I think Reef can have a good game here v. Bogut


----------



## Peja Vu (Jun 9, 2002)

Probably, but I am worried about the T.J. vs. Bibby matchup. I don't see Bibby being able to stick with him at all...


----------



## halfbreed (Jan 7, 2003)

Kings 110
Bucks 99

Peja 29 points
Bibby 21 points


----------



## Peja Vu (Jun 9, 2002)

Peja Vu said:


> -vBookie thread-:wave:


Bet away!


----------



## Peja Vu (Jun 9, 2002)

Mission could be possible: The Kings are looking to win back-to-back games for the first time this season 

Up next 



> Kings (3-5) vs. Milwaukee (5-2)
> 
> THE SKINNY
> 
> ...


----------



## Peja Vu (Jun 9, 2002)

12-8, Kings. All 5 starters have scored.


----------



## Peja Vu (Jun 9, 2002)

Bucks are sloppy, shooting under 25%, Kings 23, Bucks 15. 2:38, 1st.


----------



## Peja Vu (Jun 9, 2002)

26-15, now the bench is in. Hope they don't **** up!


----------



## Peja Vu (Jun 9, 2002)

Going to the Second Quarter:

Kings 31
Bucks 22

8 Assists already...


----------



## Dodigago (Jan 13, 2005)

nice first Q, Peja took off - shooting well


----------



## Peja Vu (Jun 9, 2002)

2nd quarter...still some time to go....

Kings 41
Bucks 33

Bibby is really playing well, 9 Points, 2 Assists, 2 Steals.

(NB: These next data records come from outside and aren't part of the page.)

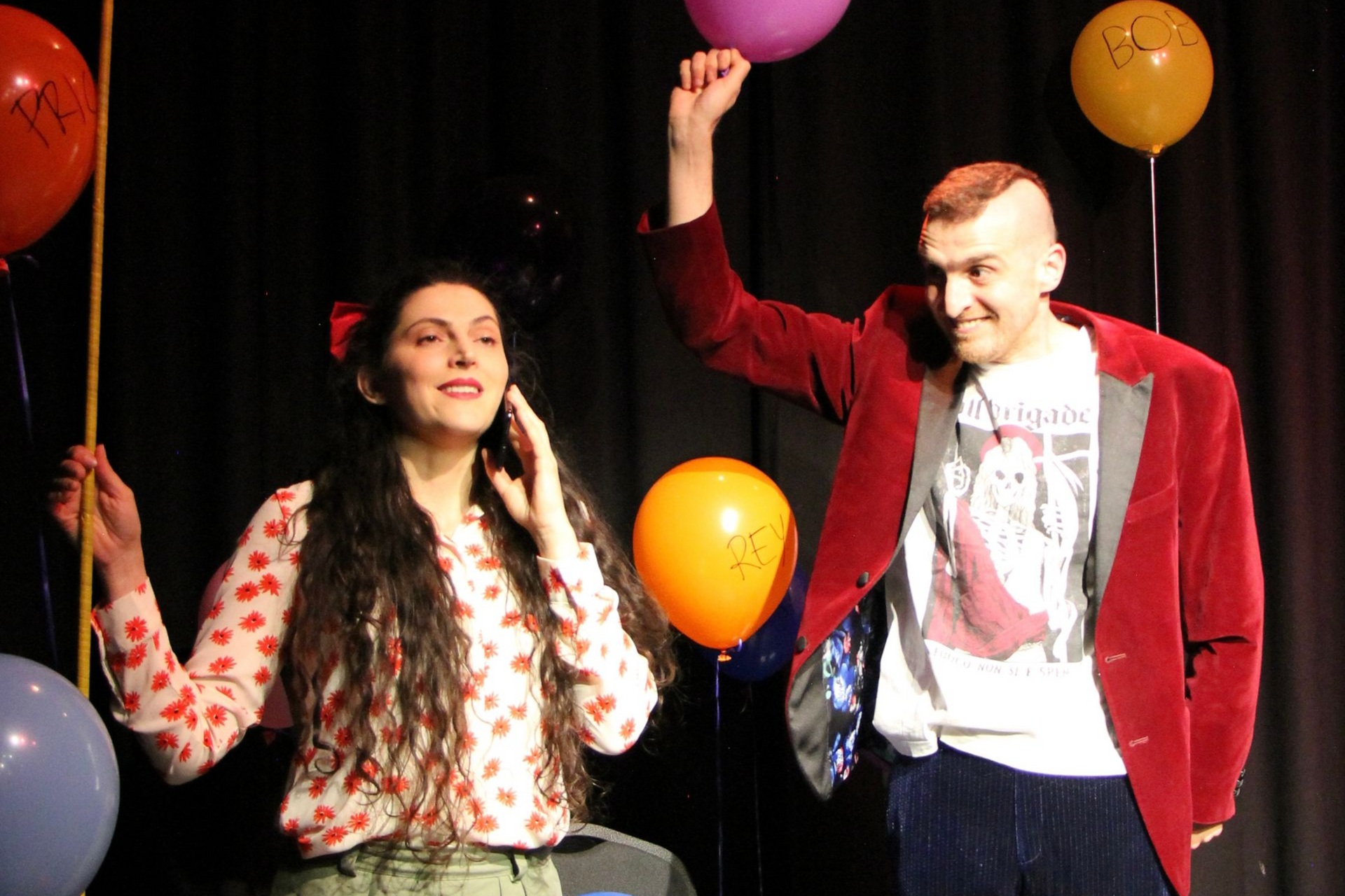 The storytelling is original, inventive and full of humour: a great mix of tools that instantly invites the audience to care, and fully empathise with what Eva is going through. Arthur’s vivid, gore and grotesque descriptions are both scarily compelling and terribly funny. The use of balloons within the show is brilliant and an effective way to build the tension, as the audience wonders when the next will pop…
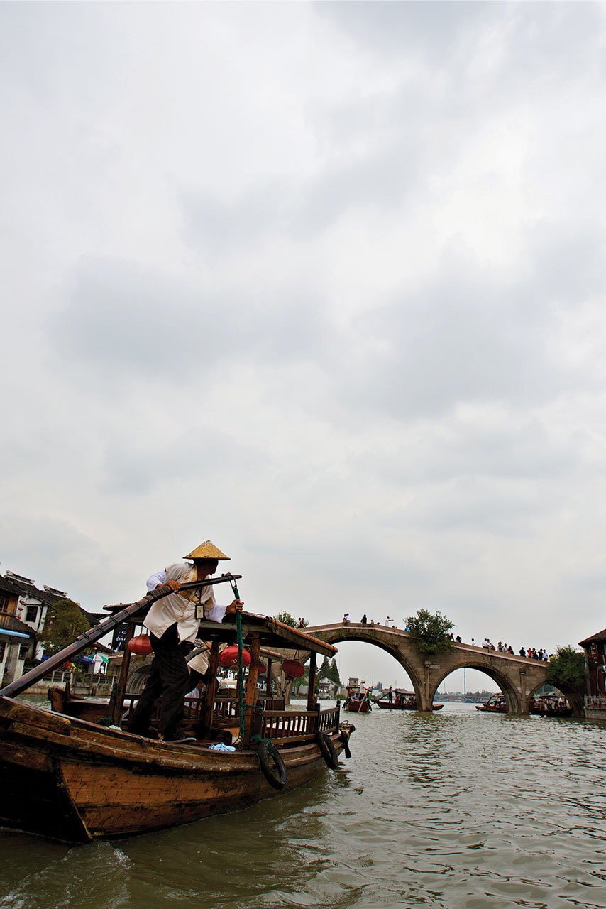 Situata a est del lago Dianshan, è il punto di congiunzione fra le province del Jiangsu e del Zhejiang e Shanghai. In passato esisteva un modo di dire che diceva “che tre jing non fanno un solo jiao” dove i Jing stavano a indicare le cittadine di Zhujing e Fenjing nel distretto di Jinshan e Sijing nel distretto di Songjiang, mentre il jiao indicava proprio Zhujiajiao. Nella contea sono presenti 9 antiche vie lungo i rami del fiume Caogang, che formano un grande ventaglio aperto. Le antiche stradine e i vicoli sono edificati sull’acqua, e le residenze dai muri bianchi e dai tetti ricoperti di tegole grigie sono semplici e immersi nella pace. Le drogherie, i negozietti, i templi e giardini, le residenze e le abitazioni, insieme alle imbarcazioni scure e ai ponticelli che attraversano i canali, attraggono i visitatori che hanno la sensazione di immergersi in un mondo da sogno dell’antica Cina a sud del fiume Yangtze (Azzurro).
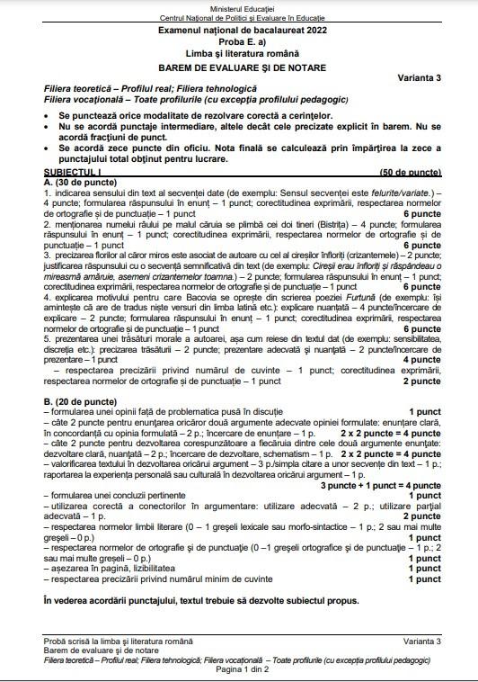 - 17 august 2022: Proba obligatorie a profilului — proba E.c) — proba scrisă
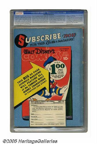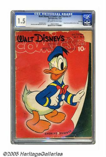 <B>Walt Disney's Comics and Stories #1 File Copy (Dell, 1940) CGC FR/GD 1.5 Off-white to white pages.</B></I> Here is the first issue of one of the longest-running comic series of all time, with Donald Duck newspaper strip reprints by Al Taliaferro, and Floyd Gottfredson's Mickey Mouse beginning in this issue. Featuring two of Walt Disney's most beloved comic characters, this copy is missing a chunk from the top right corner of the cover and shows a moderate degree of chipping and spine stress, but has clean, colorful covers, and great paper quality. A respectable copy of an important key issue. Overstreet 2005 GD 2.0 value = $1,600. CGC census 7/05: 2 in 1.5, 16 higher. <I>From the Random House Archives.</B></I>
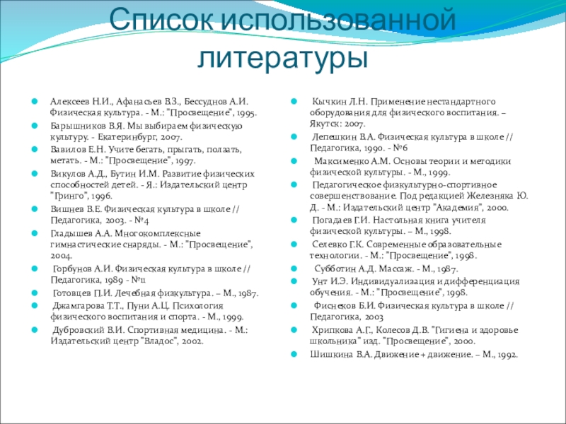 Кычкин Л.Н. Применение нестандартного оборудования для физического воспитания. – Якутск: 2007.

Ford, Simmons, Bogut = 0 Points


----------



## Dodigago (Jan 13, 2005)

there getting close :brokenhea


----------



## Dodigago (Jan 13, 2005)

48-44

Brad Miller - 14 pts
Peja - 11 pts


----------



## Dodigago (Jan 13, 2005)

and its garbage time.. lol

good game nice showing by Brad(8 pts, 8 assists)

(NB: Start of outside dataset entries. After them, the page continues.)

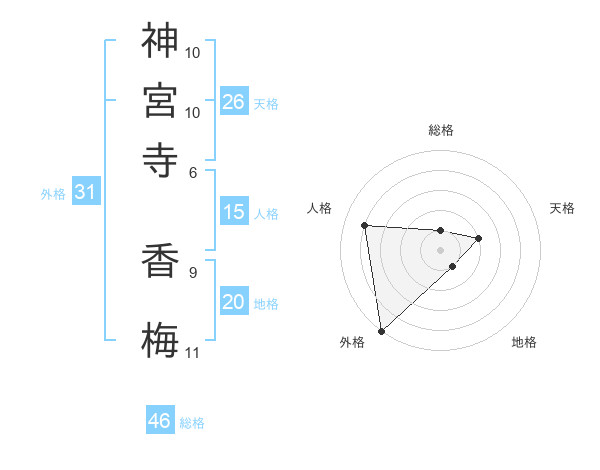 神宮寺 香梅さんを姓名の画数から五運を鑑定
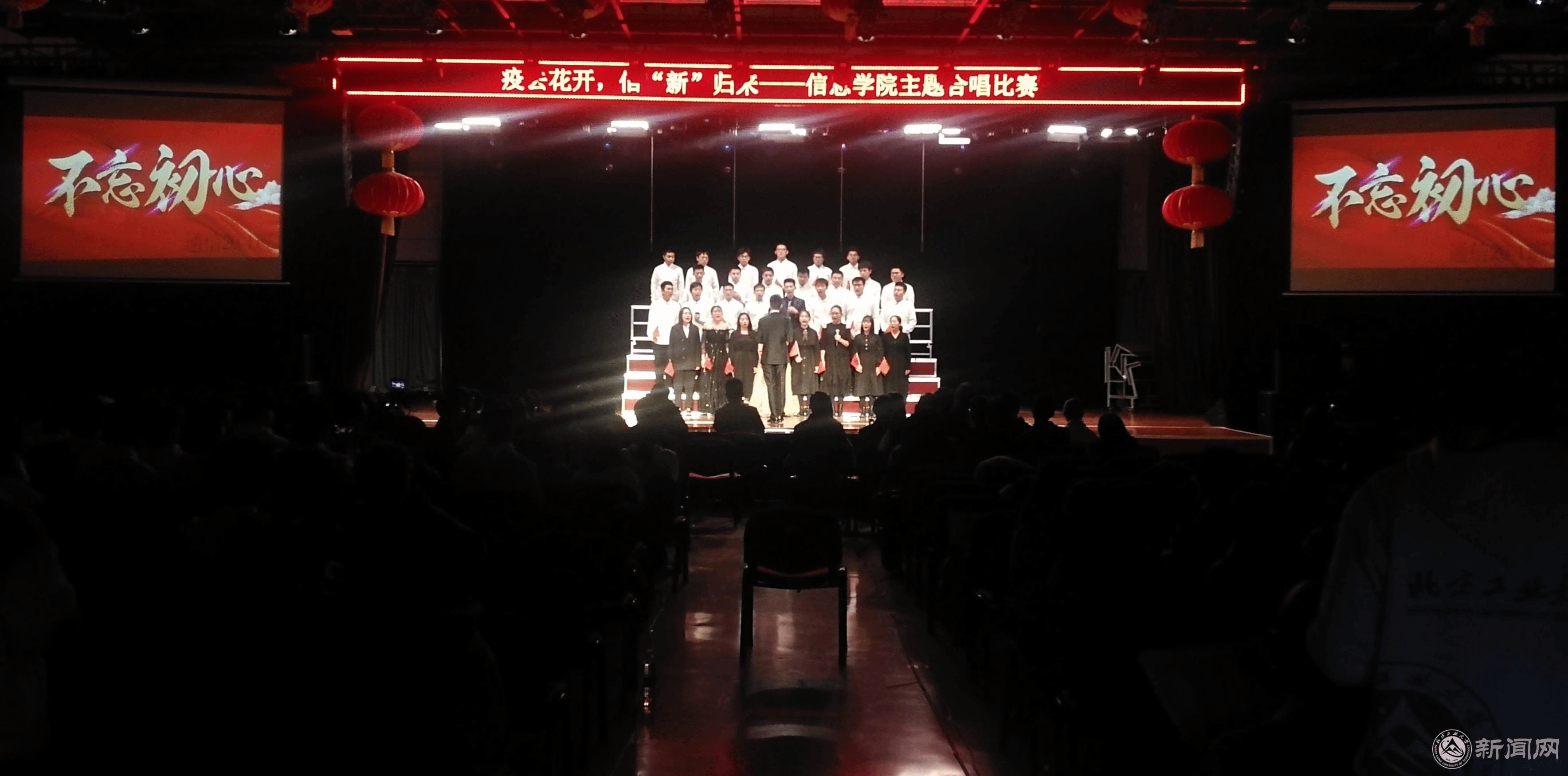 哪有什么岁月静好,只是有人替你负重前行,在突如其来的疫情之中,白衣战士、公安干警、社区工作者乃至青年志愿者们的默默奉献,为我们赢得了今天相对安稳的生活。学院在活动策划之初,决定以实际行动致敬最美逆行者,大力弘扬家国情怀,并将疫情防控要求落到实处。针对新生人数多的特点,学院创新了合唱比赛的内容和形式,以初赛加决赛、室外加室内、线上加线下的方式举办,为每位新生提供展示机会,建强班级凝聚力,助力学生全面成才。初赛在毓秀广场校训树下录制,18个班级同学和班导师依次登台合唱。经过NCUT信息青年公众号集中展示及线上评比,9个班级入围决赛进行现场展示,并通过哔哩哔哩平台直播。
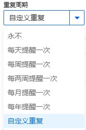 • 重复周期:选择永不,则只提醒一次,不再重复提醒;选择其他重复周期,按照选中周期重复提醒。
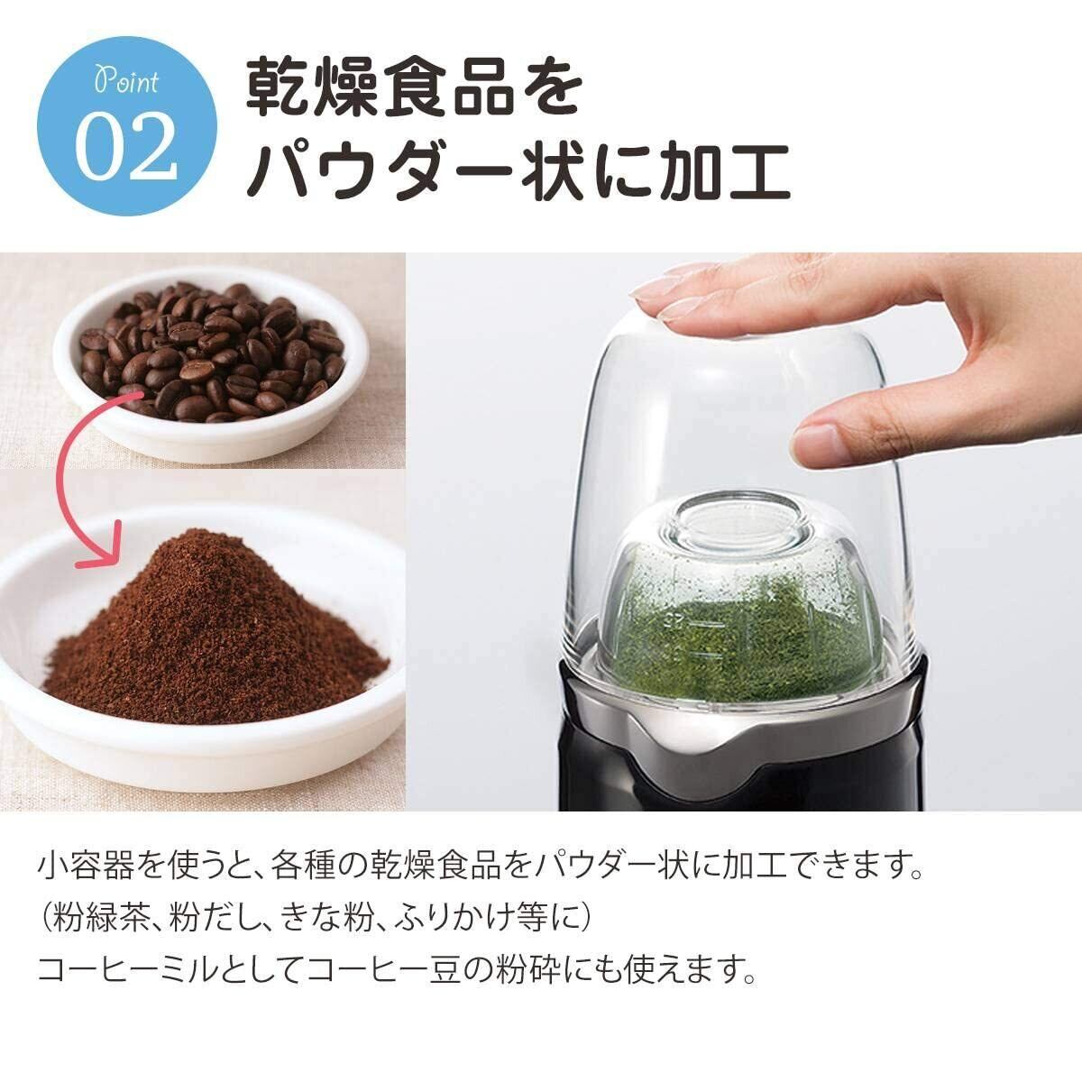 乾燥食品をパウダー状に加工できます:小容器を使うと、各種の乾燥食品をパウダー状に加工できます。(粉緑茶、粉だし、きな粉、ふりかけ等に)

Jason hart played well of the bench and so did K9(evne though he didnt shoot partically well)


----------



## Peja Vu (Jun 9, 2002)

24 bench points, 31 Assists, the front line filling up the stat sheets, holding them to 82 points....great game!

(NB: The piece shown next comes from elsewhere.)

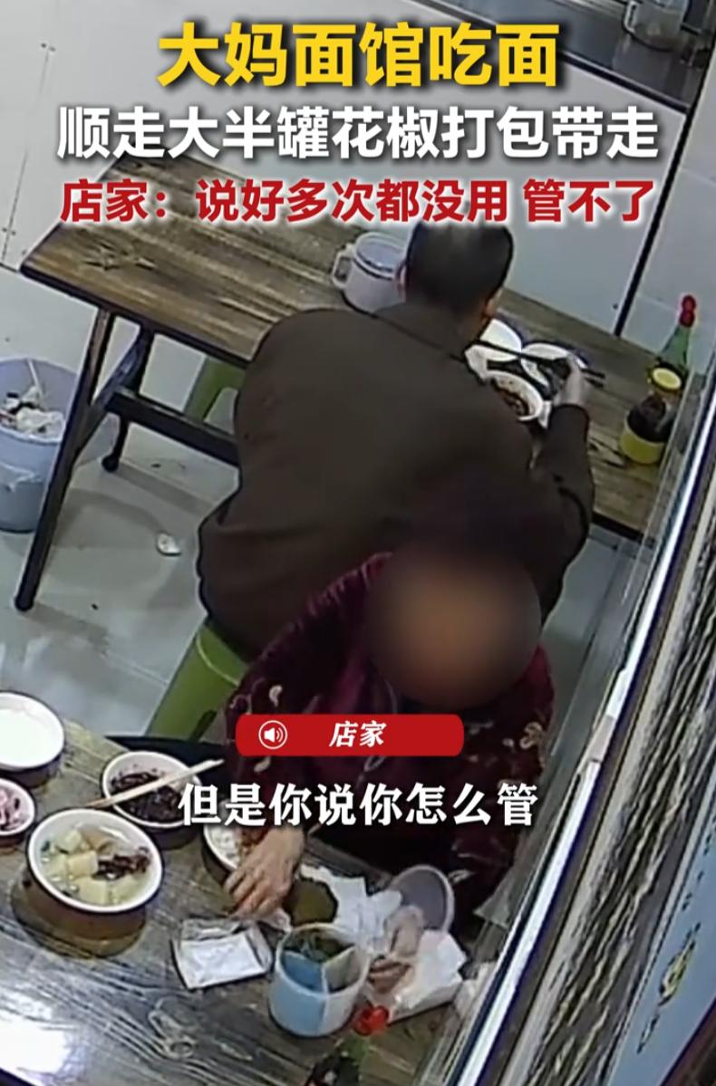 “太丢人了!”贵州遵义,一面馆老板发现一个餐桌上的花椒几乎见底,奇怪的是,店里所有花椒都是早上现加满的,唯独这一桌没有了,他觉得不对劲,查询监控一看,竟然是被一位大妈给顺走了,更关键的是,大妈还是个“惯犯”,老板也想不明白她为什么要这样 监控里,一位大妈点了一碗面,吃到快结束时,不慌不忙地拿起桌上的纸巾,左右张望了一下,确认没人盯着她,然后熟练地拿起桌上的花椒罐,往纸巾上倒,倒够了,包起来,揣走。整个过程行云流水,一气呵成,不像头一回干这事 老板后来回忆,这大妈不是第一次了。之前就发现过她拿花椒,也当面跟她说过。可大妈显然没把这话当回事,该拿还是拿 老板也挺无奈。你说这事大吧,真不大,几块钱的花椒。你说不管吧,天天这么拿也不是个事。关键是不知道怎么管。为了几勺花椒跟顾客翻脸?犯不上。但就这么纵容着?心里又不舒服 老板最后说了句话,挺实在的:要是大妈真觉得店里的花椒好吃,跟自己说一声,送她两斤都行,真没必要这样偷偷摸摸的 说起来,花椒这东西真不值几个钱。面馆用的花椒,就算是品质好一点的,一斤也就几十块钱。大妈每次拿的量,撑死了值一两块钱。为了一两块钱的东西,冒着被发现的尴尬,值吗?显然不值。但有些人就是控制不住,看到公家的、公共的东西,手就痒。这跟东西值不值钱没关系,是一种习惯 老板说送她两斤都行,这话我相信是真心的。但问题在于,大妈如果真开口要,老板会送吗?可能会,但送完之后呢?下次大妈再来吃面,还好意思收她钱吗?这里面有一种微妙的社交心理。大妈选择偷拿而不是开口要,恰恰说明她知道这事不光彩,但她更不愿意欠人情 最后想对那位大妈说一句:老板是真不介意送你两斤花椒,但你这样偷偷摸摸的,丢的不是花椒,是脸面
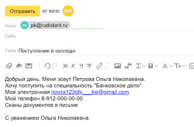 Отправить заявку по адресу Приемной комиссии Финансово-экономического колледжа, указав ФИО, номер телефона, действующий email, название выбранной специальности. Адрес электронной почты приемной комиссии:

Box Score: KINGS 103, BUCKS 82 

Peja: 19 Points, 7 Rebounds, 6 Assists
SAR: 16 Points, 7 Rebounds, 6 Assists, 4 Steals, 3 Blocks
Miller: 16 Points, 8 Rebounds, 8 Assists, 2 Steals, 3 Blocks
Bibby: 17 Points, 5 Assists


----------



## Peja Vu (Jun 9, 2002)

Game Pics


----------



## Dodigago (Jan 13, 2005)

has anyone else noticed that were playing better D this season?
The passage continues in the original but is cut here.